====== EXERCISE DATA

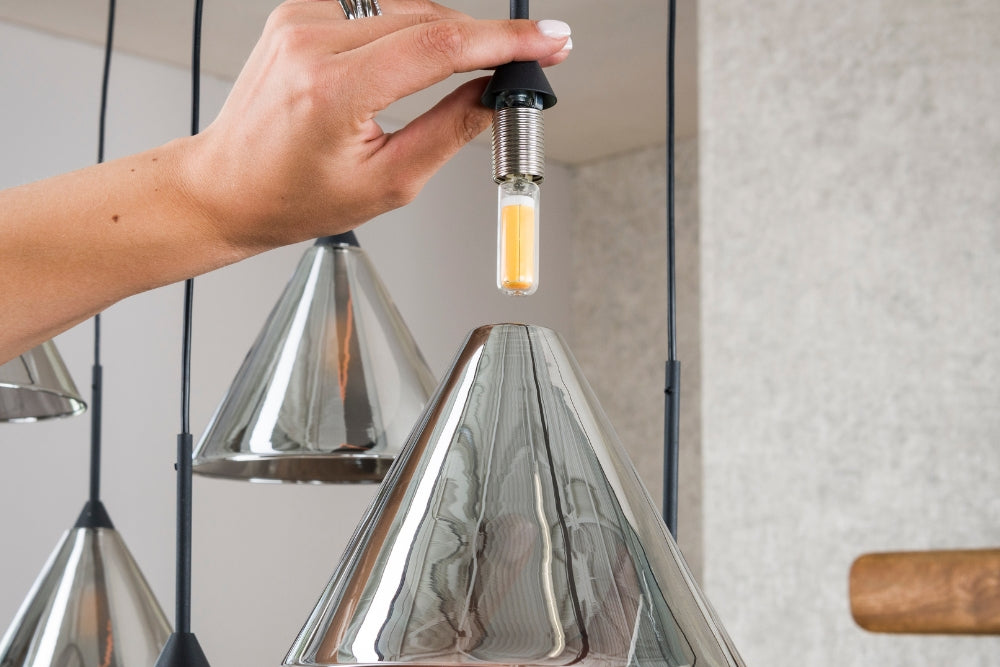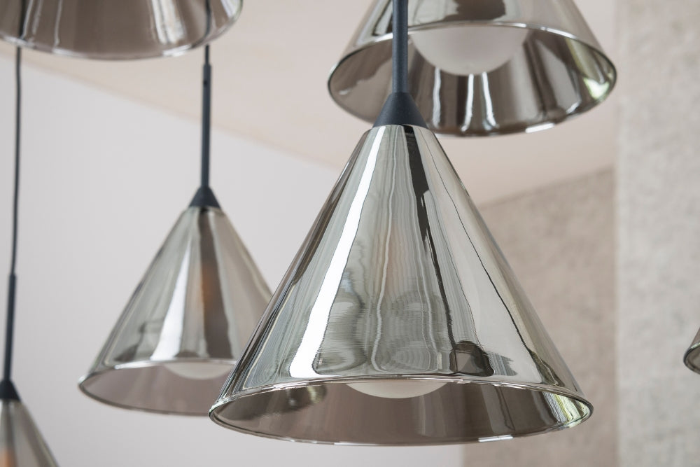 The Lucia 9 String Cone Pendant Light brings instant character to any space with its striking arrangement of seven smoke glass shades that create a dramatic focal point. Each shade can be individually adjusted in height up to 150 cm, allowing you to customise the look to perfectly suit your room and create your own unique lighting display. The practical screw-fit design of each glass shade makes changing bulbs quick and straightforward, whilst the gorgeous smoky tint adds warmth and depth to the light.
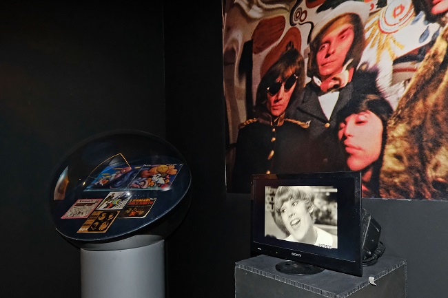 Protagonista in una sala è la scena musicale con l’Equipe 84, I Nomadi, Caterina Caselli e Francesco Guccini, fra dischi, manifesti, il legame con la moda e i dancing Snoopy e Nuovo Mondo, la fusione con la fotografia di Carlo Savigni e Mario Schifano, il design delle chitarre elettriche di Wandrè e di quella a forma di fucile di Urano Borelli del gruppo Johnny e i Marines.
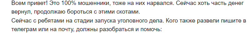 На сторонних источниках найти любые отзывы о Binotorg очень сложно, так как проект только недавно появился. Алексей опубликовал комментарий и пожаловался на обман и развод со стороны брокера, из-за которого он пришел в убыток, но его комментарий носит рекламный характер.
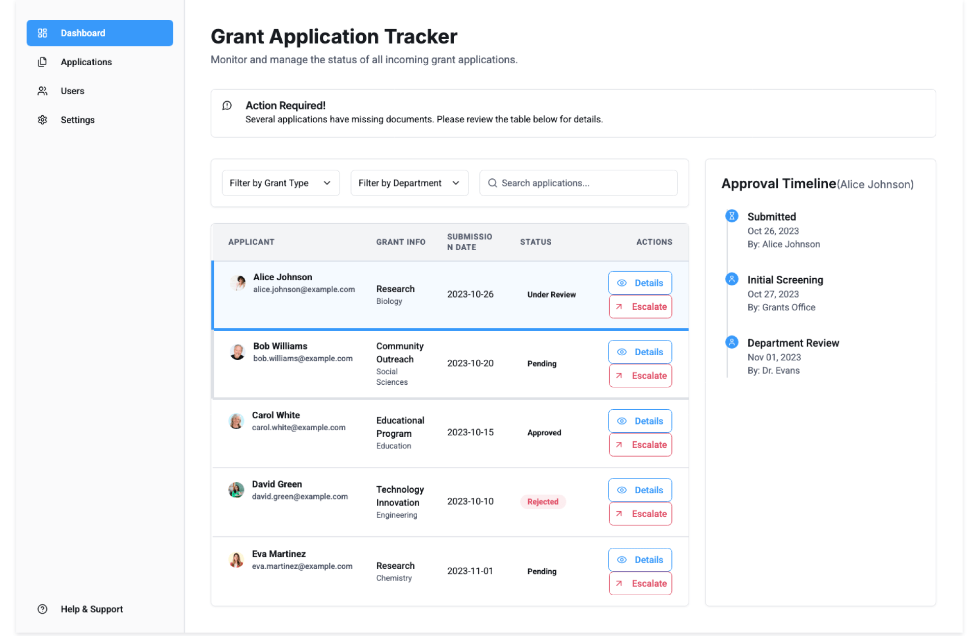 The Grant Application Form Tracker is a centralized system that captures, tracks, and manages grant applications across multiple programs and funding cycles. It enables teams to review submissions, track application stages, assign reviewers, and monitor outcomes—all from a single dashboard.

============

• EXERCISE OBJECTIVE: Could you return, word for word, every line from the line with "На сторонних источниках" through the last line of the listing above, both ends included, without any pictures?

• TASK RESPONSE:
 На сторонних источниках найти любые отзывы о Binotorg очень сложно, так как проект только недавно появился. Алексей опубликовал комментарий и пожаловался на обман и развод со стороны брокера, из-за которого он пришел в убыток, но его комментарий носит рекламный характер.
 The Grant Application Form Tracker is a centralized system that captures, tracks, and manages grant applications across multiple programs and funding cycles. It enables teams to review submissions, track application stages, assign reviewers, and monitor outcomes—all from a single dashboard.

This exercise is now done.